Therefore, the hydraulic pressure is supplied via a hydraulic circuit described later. As will be described later in detail, the gear ratio control valve V is a so-called three-layer valve in which a sleeve 83 is fitted in a valve body 82 and a spool 84 is fitted in the sleeve 83, which serves as an operating mechanism. spring 85, rotating member 86, provided with a pin member 87 or the like, is driven or controlled by a stepping motor 88 which operates in accordance with signals from a control unit (not shown), depending on the operating conditions, based on the pressure-receiving incoming port P ₁ through the hydraulic pressure (line pressure) upshift control port P ₂ or the control port P ₃ shift down received in, so as to supply a predetermined hydraulic pressure chamber 79A～79d, hydraulic pressure 81a~80d . The gear ratio control valve V is provided with feedback means 90.

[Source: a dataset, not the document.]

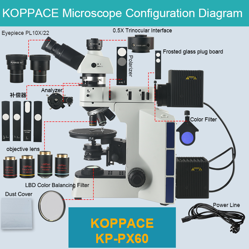 | Packing List | 1、Eyepiece PL10X/22mm one Pair 2、Three-lens includes 0.5X interface *1 3、Objective Lens LMPlan 5X/0.15 POLWD 10.8mm *1 4、Objective Lens LMPlan 10X/0.3 POL WD 12.2mm *1 5、Objective Lens LMPlan 20X/0.45 POL WD4mm *1 6、Objective Lens LMPlan FLN 50X/0.55 POL WD7.9mm *1 7、The Microscope Body *1 8、light Box Power Cord *1 9、Polarizing Mirror *1 10、Analyzer Mirror *1 11、Round Platform *1 12、LBD Color Filter Group (White Light) *1 13、λ Piece,λ/4 Pieces,Quartz Wedge *1 14、Color Filter *1 15、Condenser *1 |

As shown in FIGS. 5 to 7, the gear ratio control valve V
In the above, a part of the lower housing 56 serves as a valve body 82, and a sleeve 83 adapted to be capable of reciprocating in the axial direction of the valve body is fitted into the valve body 82. Spool 8 that can reciprocate in the valve body axial direction
4 is inserted. Here, the sleeve 83 is in communication with the main port 83i which is always in communication with the source pressure receiving port P ₁ , the first port 83j which is in communication with the upshift control port P ₂ and the continuous downshift control port P _3. Second port 83k is formed. Further, the spool 84 is formed with an annular groove 84i which is always in communication with the main port 83i, and first and second land portions 84j and 84k which are adjacent to the left and right of the groove 84i. Here, when the shift operation (shift up or shift down) is not performed, the first and second land portions 84j, 84k
Respectively close the inner openings of the first and second ports 83j, 83k (FIG. 7 shows this state).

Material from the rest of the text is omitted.